Missed appointments continue to be a significant issue in radiology. In fact, according to one estimate, they can easily cost a mid-sized outpatient imaging center nearly $2 million annually. 

However, such occurrences are far from unique to the specialty; many service-oriented businesses have also fought their battles with no-shows, including the car rental industry, restaurants and airlines. The authors of a recent Journal of the American College of Radiology commentary urged imaging business leaders to emulate others’ success. 

“Because the healthcare industry is not the only one suffering from this problem, it is necessary to look at how other industries are handling this issue and adopt their best practices in developing this new system,” wrote lead author Jill Elizabeth Speece, director of business optimization for Atascadero, California-based Radiology Associates, and Kamran Eftekhari Shahroudi, PhD, of Woodward, Inc in Fort Collins, Colorado.

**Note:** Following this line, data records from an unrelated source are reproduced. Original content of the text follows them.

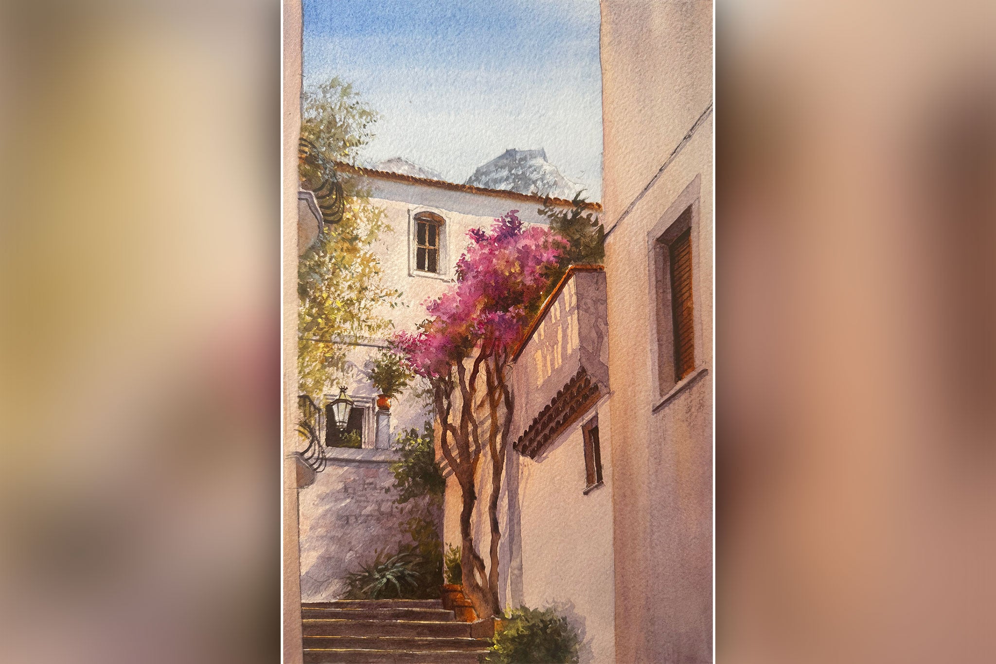 Today’s watercolour landscape tutorial is inspired by a photo I took a few years ago, when visiting a picturesque little village called Taormina in Sicily.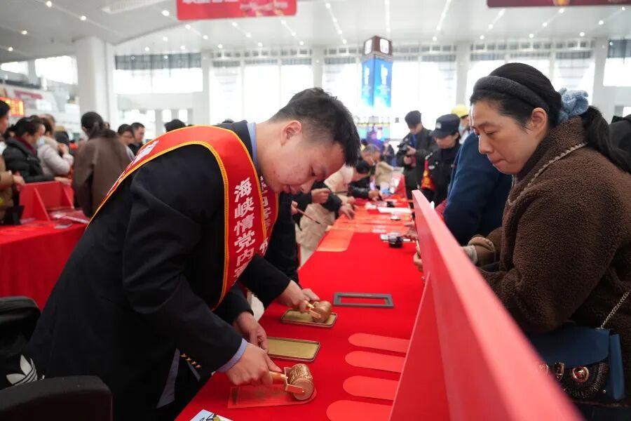 文化快闪,马年送福暖归途。春运首日,福州火车站结合闽文化与马年特色,开展“青春快闪”和马年送“姓”福活动。现场开展“我在福州”打卡,投壶、猜谜等文化活动;还邀请非遗剪纸传承人现场展示、书法家书写对联免费赠予旅客。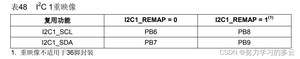图片来源:STM32F1xx中文参考手册 >>> 8.3.9 I2C1 复用功能重映射>>>表48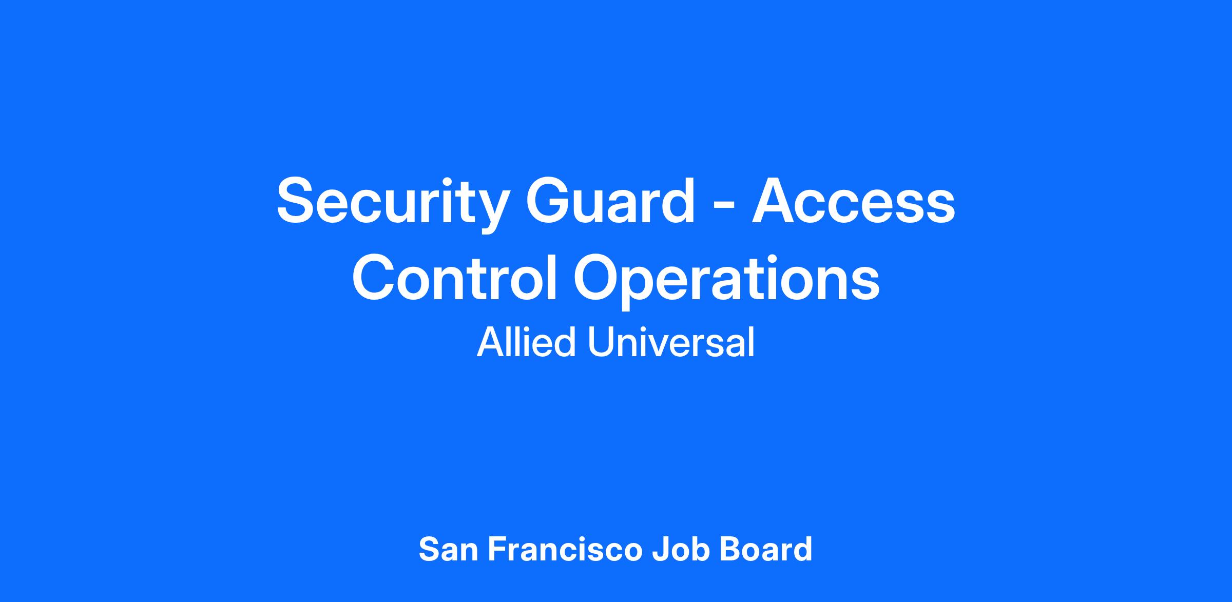 As a Security Guard - Access Control Operations in San Francisco, CA, you will serve and safeguard clients in a range of industries such as Commercial Real Estate, and more. Join Allied Universal as an Access Control professional in a dynamic commercial real estate location. You will monitor and patrol assigned areas, help to deter security-related incidents, and provide exceptional customer service while managing access points. Your visible presence and strong communication skills will be essential in fostering a secure environment for tenants and visitors. Become part of a team that values integrity, reliability, and putting people first.

Here are a few of the authors’ suggestions, broken down by business line: 

  • Airlines: Flight carriers require customers to pay in advance and often review no-show trends to predict how many tickets they’ve overbooked. If too many passengers show up, airlines offer incentives to switch to another less-full flight. Radiologists may consider the double-booking strategy and provide perks for one of the individuals to switch appointments, if both arrive at the same time. 
  • Restaurants: The online booking system OpenTable will cancel diners’ accounts if they blow off four reservations. Other restaurants have publicly shamed patrons on social media. While neither of these make sense in a medical setting, imaging practices should similarly track each patients’ no-show frequency, and notify them of those tallies, the authors wrote. 
  • Car rentals: Companies often allow customers to pay at booking or when they pick up the vehicle. “Pay now” is usually cheaper, while “pay later” comes with caveats, such as cancellation fees for bailing at the last minute. Radiologists might consider offering pay-later options, for instance, if patients cancel because they cannot afford a costly out-of-pocket payment. 
  • Hotels: Lodging companies offer dynamic pricing to maximize revenue when demand is high, and discount them when business is slow. Imaging practices could emulate this by better managing wait times to reduce cancellations, notifying those who have checked in how long they can expect to wait, and updating them along the way.

While refusing essential services is not an option in medicine, there are plenty of other ways for radiology business leaders to address this problem in a less-punitive fashion, Speece and Shahroudi concluded. 

“It would be wrong to withhold a basic need from ‘bad patients.’ In health care, efforts to change the system are a better and more reliable option than trying to change patient behavior,” they wrote.